The insurance industry needs to examine the detail of contracts with much more care than usual. That is the view of Matt Fairfield, founder and chief executive officer of ANV Holdings, the Dutch head quartered specialty insurance company, who says the global economic crisis is making both buyers and reinsurers much more aware of the potential risks they are taking on and what exactly is covered in agreements.

“There is more focus on terms and service with each contract,” he says. “The persistent uncertainty in the global economy combined with a trend of looking more closely at underwriting discipline has led to risk mangers double checking their policies to be sure that are covered, and underwriters checking to be sure they are accepting only risks with which they are comfortable. Challenging environments reveal new risks and these demand new rigour to ensure that they are covered.”

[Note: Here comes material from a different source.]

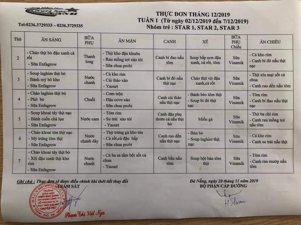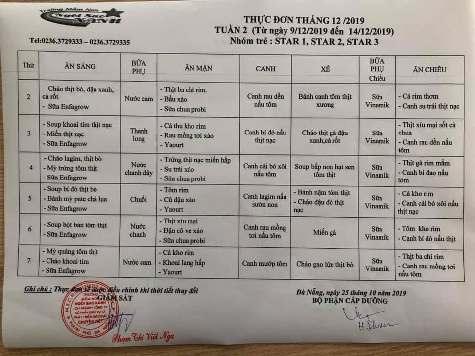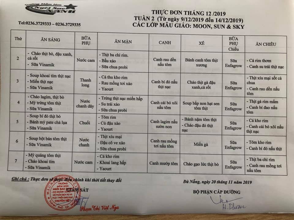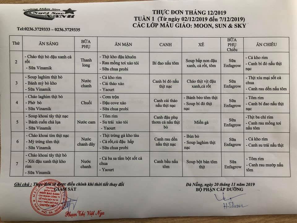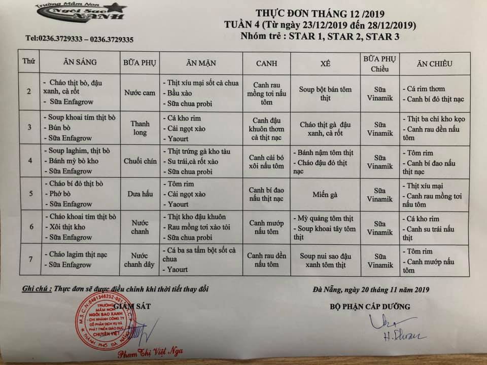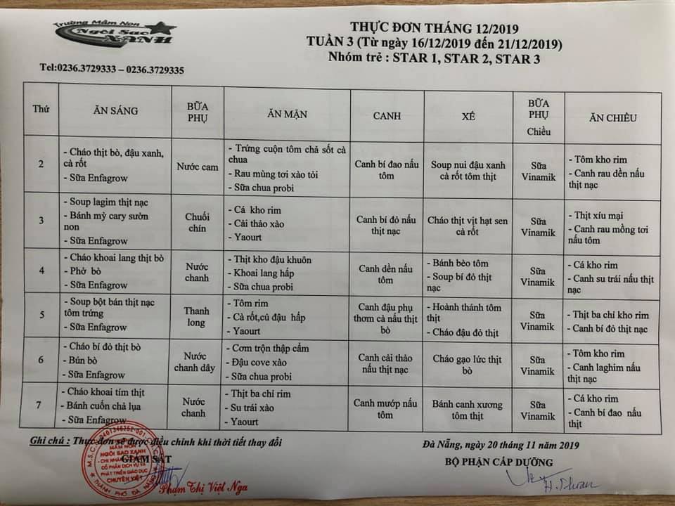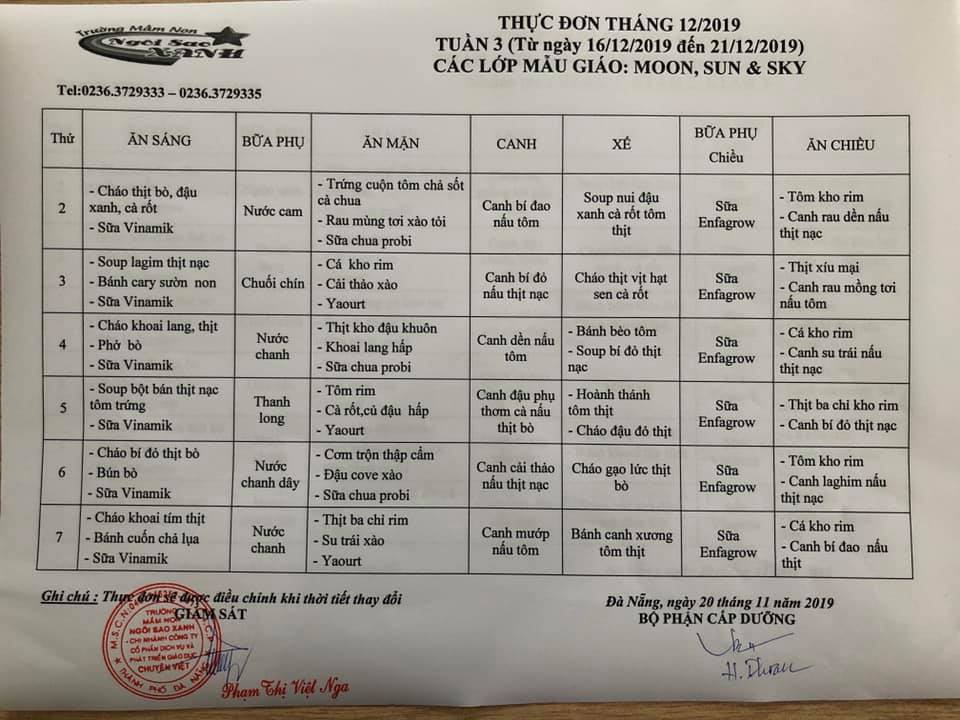 THỰC ĐƠN THÁNG 12 NĂM 2019 CỦA CÁC BÉ
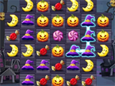 Sedang mencari kesenangan dan kegembiraan di Halloween ini? Kalau begitu, bersiaplah untuk bersenang-senang saat Anda bermain Happy Halloween. Geser item-item yang sejenis untuk menghancurkannya dan membuka semua level. Coba singkirkan semua peti mati dan buat kelelawar serta hantu jatuh ke baris paling bawah. Selesaikan semua persyaratan dalam batas gerakan dan waktu yang diberikan. Lihat seberapa jauh Anda bisa melangkah. Tangan untuk menambahkan 5 gerakan; Sapu untuk menghilangkan satu karakter; Ramuan untuk menghilangkan 9 karakter, dan Tengkorak untuk menghilangkan semua karakter yang berjejer secara horizontal. Anda juga bisa menggunakan Kekuatan Spesial dan Kekuatan Campuran. Mainkan game menantang ini hanya di y8.com

He notes that some risks may simply be uninsurable and this presents both a challenge and an opportunity for the industry. “In the European market especially, the business climate remains both difficult and uncertain,” Fairfield says. “Everyone is looking to protect themselves as much as they can, but there will be limits. It is going to be the burden and the opportunity for insurers to set these limits during these continued and persistent economic challenges.”

He is also seeing a flight to quality in the market as buyers seek strong partners that have experienced people and a strong capital base. Risk managers and buyers are increasingly asking tough questions about their partners’ ability and willingness to pay claims.

“In challenging times your choice of partners is more important than ever—you can’t afford to be left without cover,” he says. “Risk managers and their brokers want not only to know that a re/insurer and its underwriting team will understand the risk and price it fairly, but also that they will be there with both the willingness and the resources required to pay claims when losses occur.”

This issue is made more complex by the continued stream of non-traditional capital entering the market. While this was a strong theme at Monte Carlo, it has been further validated by a number of strategic announcements since then. As returns elsewhere in the financial market continue to suffer, capital providers are continuing to look for new ways to move their assets into the insurance sector, Fairfield notes.

But such capital should also be aware of new risks the industry will face. While it coped well with the record losses of 2011, Fairfield believes the next big problem facing the sector will be how to deal with manmade hazards such as cyber threats, management liability and transaction risks. Some, such as contingent business interruption (CBI), came to the fore in the aftermath of natural disasters and it became apparent the industry was not prepared.

“The market took the 2011 losses in its stride with little loss in reserves, capital or across the board rate movement. But manmade risks will be the insurance industry’s next challenge. If anything stood out after the events of 2011 it was that the ‘acts of man’ components in CBI and other coverages were widely underestimated. Some of these risks are tremendous opportunities for the insurance industry to step forward and help businesses better price, manage and survive these uncertainties on a global basis.”